Its 36 degrees in Joburg, and I’ve just declined another swim. I’ll sit on the edge of the pool and joke about how “nobody wants to see a whale in their water”, and that “no costume in the world is big enough for this arse”, but I’m sweating while I joke, because it’s fucking 36 degrees outside, and I really want to swim. More than that, I really want to not be fat anymore.
Pregnancy, as easy as you were, you were exceptionally hard on me in one way. My body. I have never felt this out of sorts, this alien and this uncomfortable in my own skin. I don’t think I’ve lost a kilogram of baby weight, in fact, I feel like in the last 8 months I’ve simply gained and gained. I hate being fat. I hate it so much that I’ve decided, come what may, I will lose 10 kilograms by 1 May. I will be back to my pre baby self for my child’s first birthday.
In order to stick to my new plan, I need to be accountable, and I need to grow a set of lady balls and actually have the willpower to push through what is possibly going to be a very tough 4 months. So, with a 10 kilo goal in mind, what better way to remind myself of why I’m doing this, with 10 reasons why I hate being fat.
- When I make a joke about being overweight and people respond with ‘I see’ or an awkward ‘Ya…’. That’s when you know. You know you’re big when people don’t even pretend to be kind in their replies. A new colleague said to me the other day “You were thin? I suppose I’ve only known you this size’. Ouch. I hated that.
- I don’t fit into anything from before I had a baby. My gorgeous skinny pants, slinky vests, blazers and even bras have been chucked to the back of the closet. Replacing them are the size 12 jeans I bought on a 2 for 1 sale at Edgars, loose shirts, leggings and sports bras with added stretch. Not being able to wear anything that makes me look and feel good? I hate that.
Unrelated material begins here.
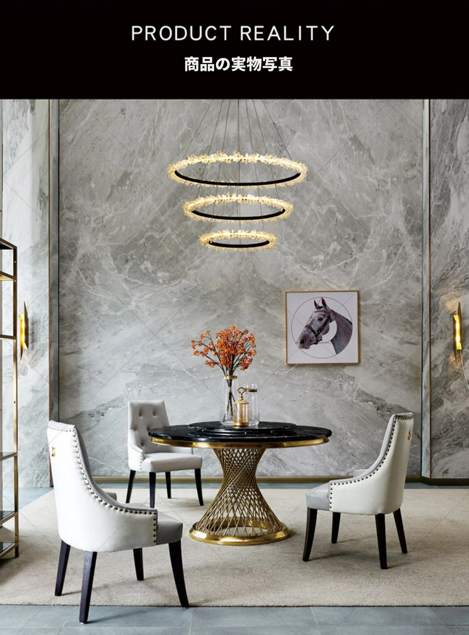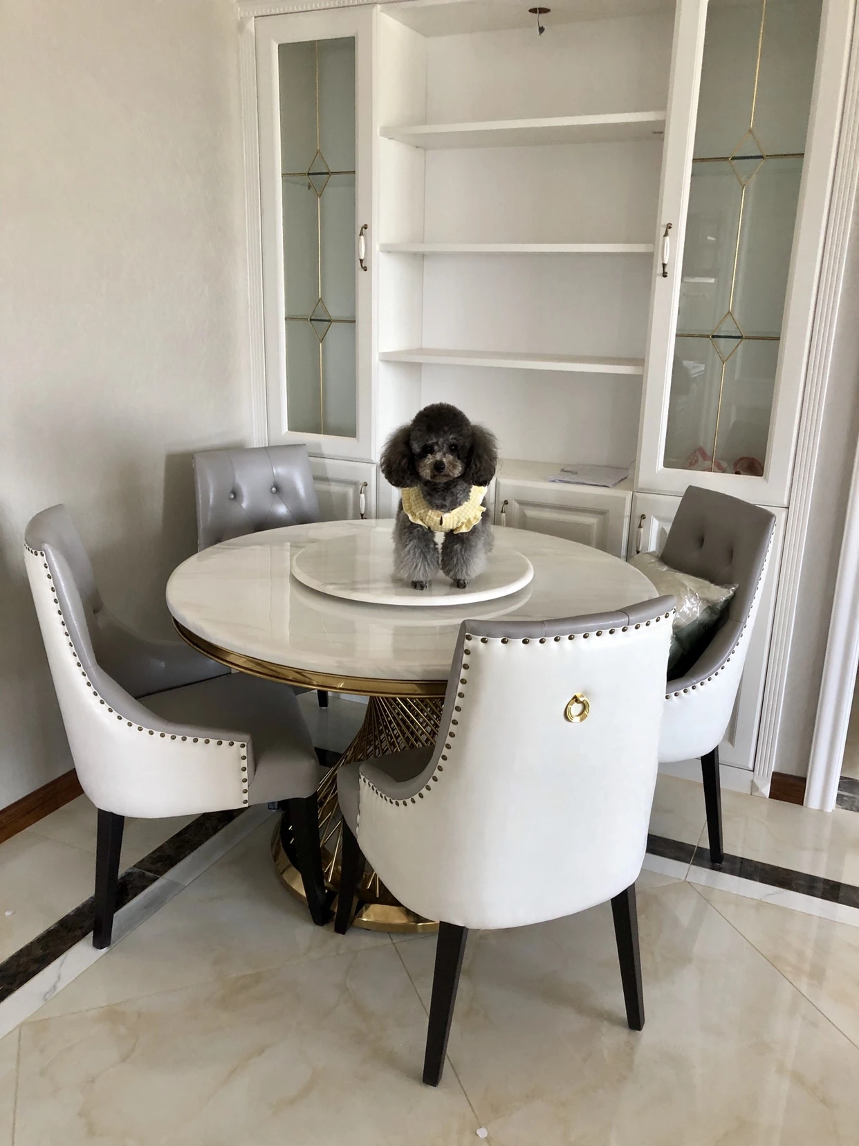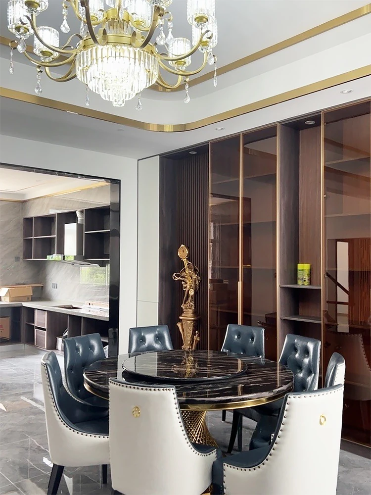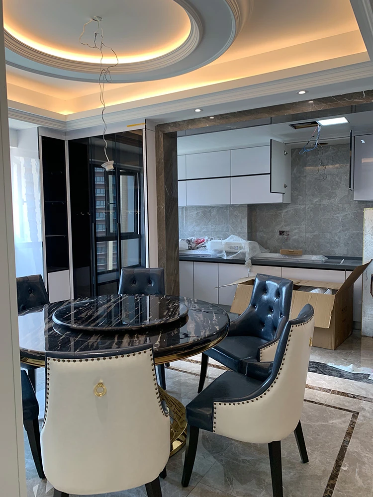 新作!高級感溢れる大理石円形ダイニングテーブル - 回転盤付き、モダンでシンプルな欧風デザイン。家庭での食事を特別なひとときに!

- The way people look at me – people closest to me, like certain family members. I feel their eyes on me whenever I take a bite of food or when I put on another pair of too tight pants. I hate the way they make me feel. I hate the guilt, I hate the shame. I hate feeling like I’m being judged for having the body I do. I hate that.
- The sweat. I am always sweating. Being overweight means boob sweat, head sweat and feet sweat. It’s gross. I hate it.
- I don’t feel like I get taken seriously in the work place. Silly hey? But still, I hate that.
- I don’t feel like socializing, seeing people or going out. I no longer want to be the person sitting under the umbrella while everyone else swims or the one in the long maternity style maxi dress when everyone’s lying in a bikini. I hate that.
- The way I feel at the gym. Physically I’m still gloriously strong, and I train 3 days a week. I can smash a spinning class, I’m building up my running resistance and I can probably lap most people in the pool. But the way I feel people looking at me in the gym? Like the token plump girl? I hate that.
- Shopping. I love clothes, and fashion. I love beautiful things. I’m tired of buying gorgeous garments for ‘when I’ve lost the weight’ I want to wear them now. The fact that I have items with their tags still on, and clothes from pre-baby tucked away at the back of the closet, because I’m simply too fat to wear them? I hate that.
- As if having a baby and a full time demanding career weren’t stressful enough on my marriage – try throw in body shame and self hate. I really don’t want to feel un-sexier than I do now. Changing in a locked bathroom so my husband cant see? I hate that.
- Other moms who lost the baby weight. Especially those who did it from ‘breast feeding’ or the ones who did nothing at all (the weight just “fell off” and then apparently on to me) I hate you. And I hate the fact that I hate you which means I hate me even more. I hate it. (Side note, there are a few ladies on Twitter who have spoken me off a cliff more than once, and helped my confidence so much – I hope you know just how lovely your kind words are, and just how much they’ve meant to me).
There it is. The raw brutal honest truth. It’s out there on the Interwebs now, which means I’m accountable to me, and all of you. Please help me in this journey, and if possible share your own stories of postpartum plumpness. I promise I’ll be nice to you even if you were one of the ‘lost the weight straight away’ ones 😉 – hell, maybe you can even share some weight loss secrets with me.